Setting out a radical plan to tackle the NHS’s record on patient safety, Sir Liam Donaldson said that the taxpayer should not foot the bill for treating patients who had suffered bad or unsafe care.
Instead, NHS hospitals and clinics involved in botched surgery, prescribing errors or superbug infections such as MRSA or Clostridium difficile should be penalised for the extra treatment required. The proposals – which are to be put before Lord Darzi of Denham, Health Minister, in his ongoing NHS review – are designed to reduce the rate of error and death. More than 733,000 “patient safety incidents” occurred last year, causing the deaths of more than 3,000 patients.
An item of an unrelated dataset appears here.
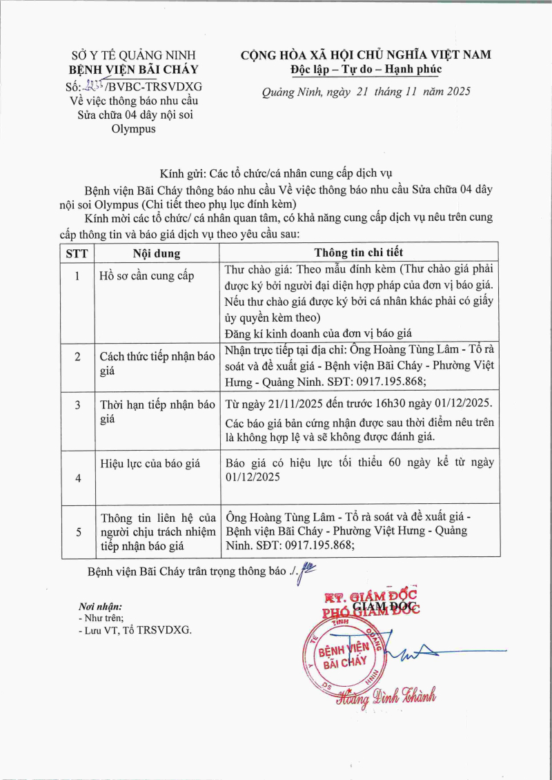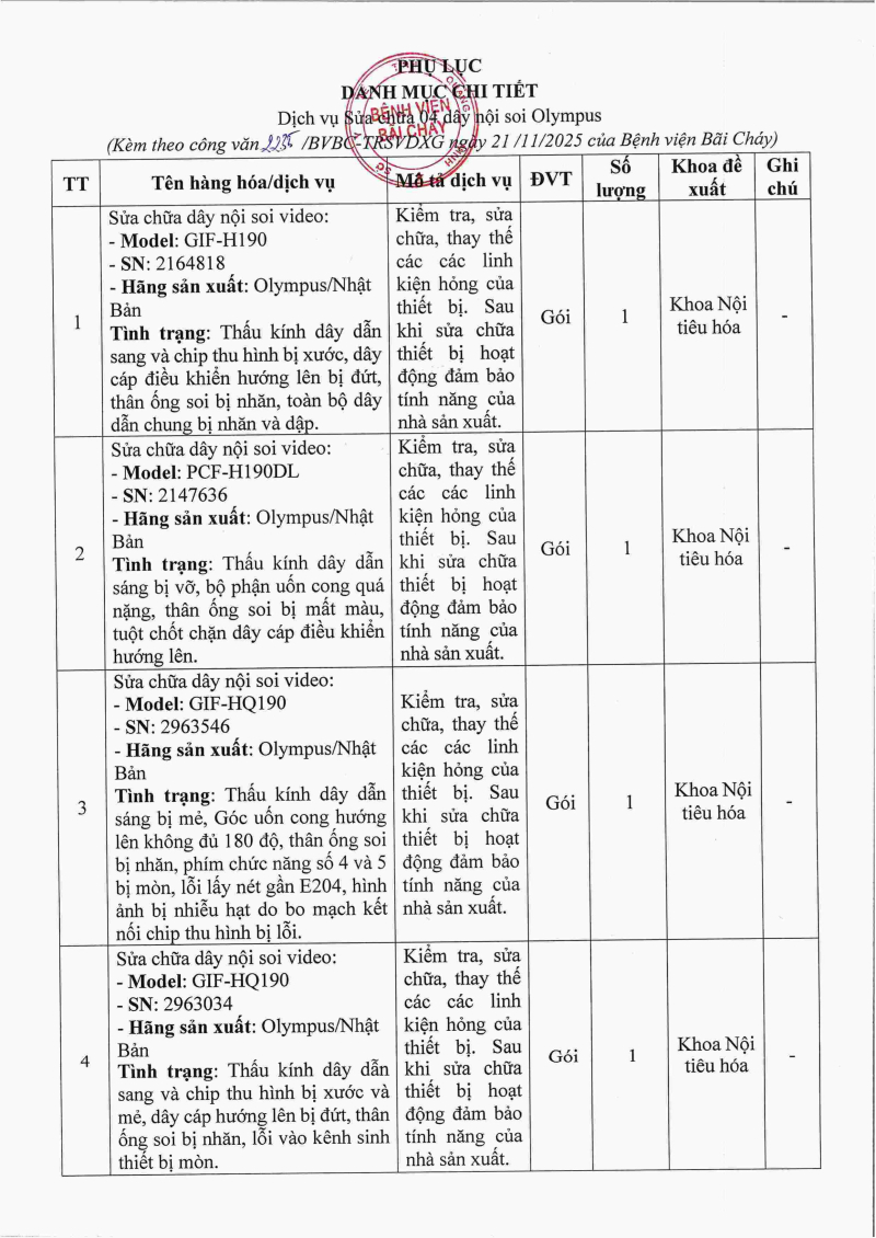 Thông báo 2235 nhu cầu sửa chữa 04 dây nội soi Olympus Hôm nay 08:21 Thông báo 2235 nhu cầu sửa chữa 04 dây nội soi Olympus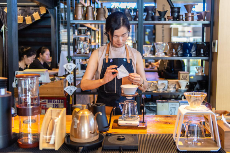 7月1日,在湖南高橋大市場(chǎng)的“咖啡一條街”,玖秀咖啡負(fù)責(zé)人肖雍琪在沖泡咖啡。新華社記者 陳思汗 攝

Sir Ian Carruthers, who stepped down as chief executive of the NHS last year, agreed that urgent action was needed to end a culture of sweeping safety issues under the carpet. He added that only a “miniscule” amount of energy in the NHS was currently focused on the issue.
Safety errors currently cost the NHS an estimated £3.4 billion in extra treatment and compensation. The recommendations follow a damning report by MPs which branded the National Patient Safety Agency (NPSA), the watchdog charged with monitoring and improving the safety of care, as “dysfunctional”. Sir Liam said that there were now signs of progress in the monitoring of incidents – with more logged by the NPSA that in other countries – but avoidable and often “incredulous” mistakes were still being made in a range of areas, from radiotherapy to patient falls.
“Why should the health service, funded by the taxpayer, pay for the care of a patient that’s had bad or unsafe care?,” Sir Liam said. “In any other walk of life if you receive very bad service then you don’t pay for it, you get a refund, and I don’t think it should be any different in the health service.
“If someone develops MRSA and has to stay in hospital longer to be treated, why should it be funded?”
Under the plans, hospitals responsible for harming patients will have a portion of their budget withheld to cover the cost of treatment to remedy the mistake. Hospitals would likely face set tariffs for different types of blunder or infection.
Sir Liam said that while withholding money was a controversial strategy, it was the a very powerful “lever for change”.
“You can’t have enough incentives to improve patient care and primary care trusts hold most of the budget for the NHS. They fund hospital care and as such are a great lever for change.”
Of the 733,070 safety incidents in the year to this June, more than half a million occurred in hospitals. The errors resulted in 3,006 deaths, caused “severe harm” to 6,144 patients, and “moderate harm” in 42,047 cases.
MRSA, or methicillin-resistant Staphylococcus aureus, infected a further 6,381 patients last year while the more virulent C. Difficile caused 55,000 infections.
Sir Liam’s comments came as the Government published its Operating Framework for the NHS, which makes tackling hospital infections and hitting waiting targets key priorities for the coming year.
The framework suggests penalising hospitals for failing to meet two high-profile targets in 2008 – halving MRSA rates by April and ensuring patients are treated within 18 weeks.
However the NHS is expected to miss the three-year MRSA target by a long way.
Sir Ian Carruthers, who is now head of NHS South West, said that urgent action was a must and financial penalties were a welcome driver for change.
“Our culture is to pretend things don’t happen or to recognise they do but try to deal with them outside any processes. If we continue to do that, we won’t make the impact in making the changes we require.
“Even with best practice and best evidence, somebody argues against it.”
In the United States, some states require hospitals by law to report so-called “never events” – a list of medical errors that are considered so preventable and so serious that they should never happen. One hospital in Rhode Island, was recently fined $50,000 (£24,563) for performing “wrong site” surgery on a patient for the third time this year.
Sir Liam said similar fines should be brought in to the NHS to act as a “hard-nosed financial incentive” for hospitals to provide better care.